Apache Hadoop is an open-source framework that allows for the storage and distributed processing of large data sets across clusters of computers using simple programming models. Hadoop is an implementation of MapReduce, an application programming model developed by Google. MapReduce has three basic operations: Map, Shuffle and Reduce. Map, where each worker node applies a map function to the local data and writes the output to temporary storage. Shuffle, where worker nodes redistribute data based on output keys such that all data belonging to one key is located on the same worker node. Finally reduce, where each worker node processes each group of output in parallel.

Architecture

Hadoop has a master-slave architecture as shown in figure 3.1. A small Hadoop cluster consists of a single master and multiple worker nodes. The master node consists of a Job Tracker, Task Tracker, NameNode, and DataNode. A worker node acts as both a task tracker and a DataNode. A file on HDFS is split into multiple blocks and each block is replicated within the Hadoop cluster. NameNode is the master server while the DataNodes store and maintain the blocks. The DataNodes are responsible for retrieving the blocks when requested by the NameNode. The DataNodes also perform block creation, deletion, and replication upon instruction from the NameNode.

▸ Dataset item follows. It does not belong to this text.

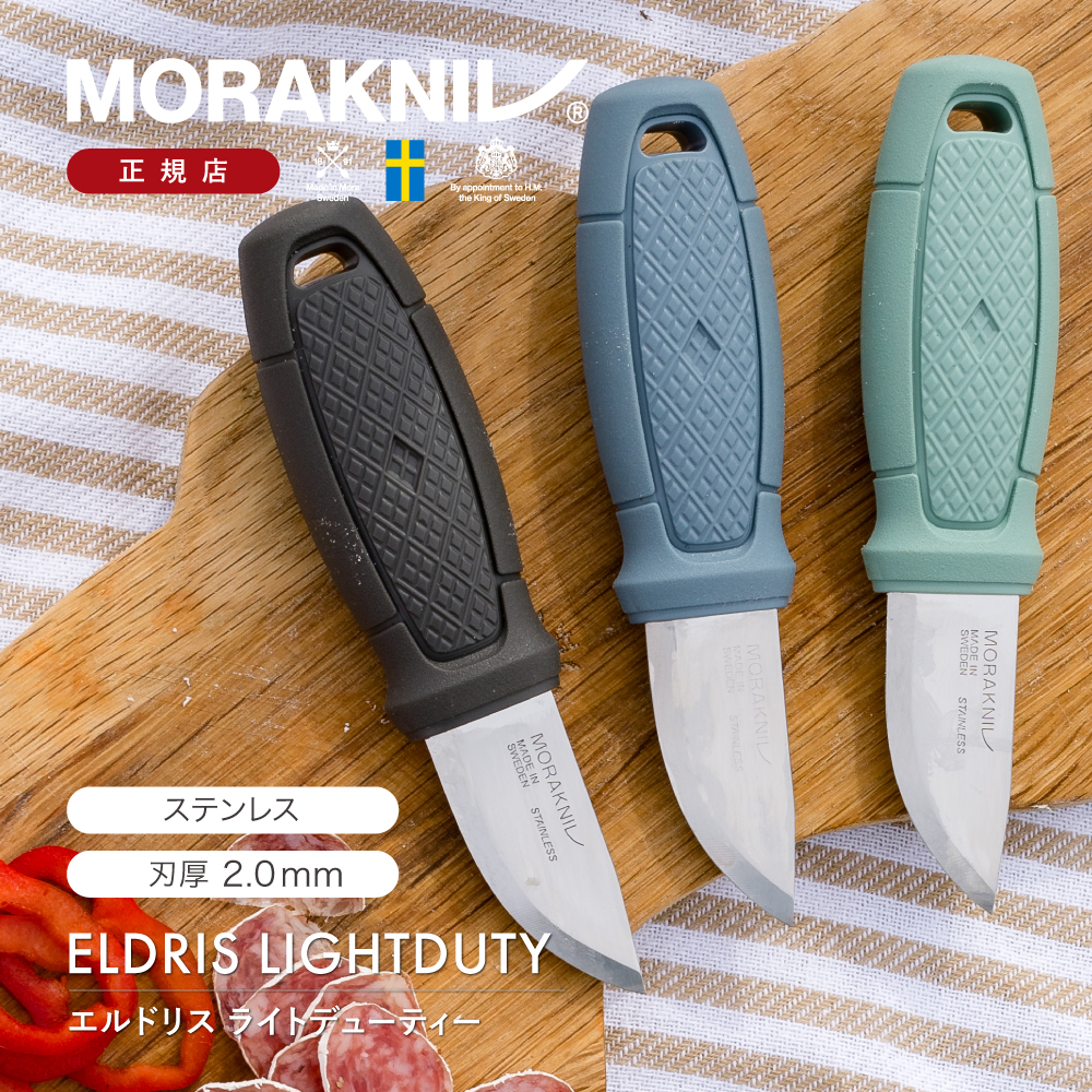 カッター感覚で使えるユースフルなナイフブレードの長さ59mm、厚さ2mmと、モーラナイフのアウトドア向けナイフの中でも非常に小さくコンパクトな「エルドリス」シリーズは、おもちゃのようなサイズ感ながらもとても使い勝手の良いEDC(Every Day Carry)ナイフです。首にかけられるネックナイフ仕様になっていて、使いたい時にすぐ取り出せる携帯性が魅力です。既存のエルドリスのブレードをさらにシンプルな形状にした「エルドリス ライトデューティー」は、機能はそこまで多くなくとも、とても実用的なナイフ。お庭での作業からキッチン周り、DIYなど、まるでカッターのように、より生活に密着した作業を得意とするナイフです。もちろんアウトドアでも使用できるので、何かと活躍の幅の広い一本と言えます。

3.1 A multi-node Hadoop Cluster

Components

Hadoop Common

The set of common libraries and utilities that other modules depend on. It is also known as Hadoop Core as it provides support for all other Hadoop components.

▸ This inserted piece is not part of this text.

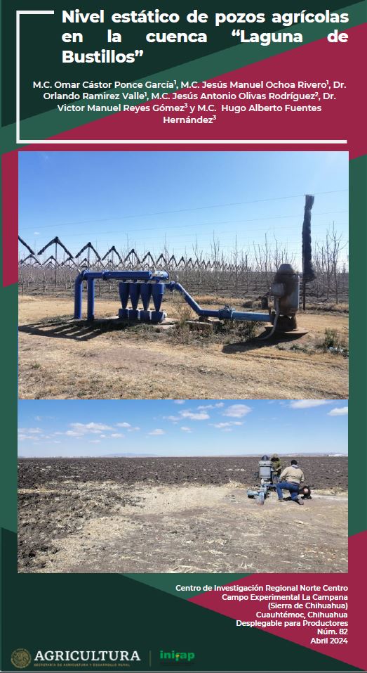 La cuenca Laguna de Bustillos es una cuenca cerrada o endorreica (corrientes de agua terminan en una laguna y no hacia el mar). La cuenca se ubica al noroeste del estado de Chihuahua, principalmente en el municipio de Cuauhtémoc y secciones menores de los municipios de Riva Palacio, Bachíniva, Cusihuiriachi y Guerrero. Por debajo de la cuenca se encuentra el acuífero “Cuauhtémoc”, considerado como uno de los más explotados a nivel nacional. Esto se debe a la alta producción agrícola bajo riego con agua subterránea, principalmente de maíz y manzano, y también a la disminución de la precipitación en la zona, provocado por el cambio climático. Por lo anterior, el presente desplegable tiene la finalidad de dar a conocer los efectos del abatimiento del acuífero en el nivel estático del espejo de agua (profundidad a la que se encuentra el agua antes de su extracción en los pozos agrícolas).

Hadoop Distributed File System (HDFS)

This is the file system that manages the storage of large sets of data across a Hadoop cluster. HDFS can handle both structured and unstructured data. The storage hardware can range from any consumer-grade HDDs to enterprise drives.

Hadoop YARN

YARN (Yet Another Resource Negotiator) is responsible for managing computing resources and job scheduling.

Hadoop MapReduce

The processing component of Hadoop ecosystem. It assigns the data fragments from the HDFS to separate map tasks in the cluster and processes the chunks in parallel to combine the pieces into the desired result.

Applications

In the healthcare sector for curing diseases, reducing medical costs, predicting and managing epidemics, and maintaining the quality of human life by keeping track of large-scale health index and metrics.
In the financial industry to assess risk, build investment models, and create trading algorithms
In the retail industry to analyze structured and unstructured data to understand and serve their customers, fraud detection and prevention, inventory forecasting, etc.
In the telecom industry to store massive volumes of communications data which provides certain benefits like network traffic analytics, infrastructure planning, etc.

Apache Spark

Apache Spark is a unified analytics engine for large-scale data processing. It is an open-source, general-purpose cluster-computing framework that provides an interface for programming entire clusters with implicit data parallelism and fault tolerance. Since its inception, Spark has become one of the biggest big data distributed processing frameworks in the world. It can be deployed in a variety of ways, provides high-level APIs in Java, Scala, Python, and R programming languages, and supports SQL, streaming data, machine learning, and graph processing.

Architecture

One of the distinguishing features of Spark is that it processes data in RAM using a concept known as Resilient Distributed Datasets (RDDs) - an immutable distributed collection of objects which can contain any type of Python, Java, or Scala objects, including user-defined classes. Each dataset is divided into logical partitions which may be computed on different nodes of the cluster. Spark's RDDs function as a working set for distributed programs that offer a restricted form of distributed shared memory.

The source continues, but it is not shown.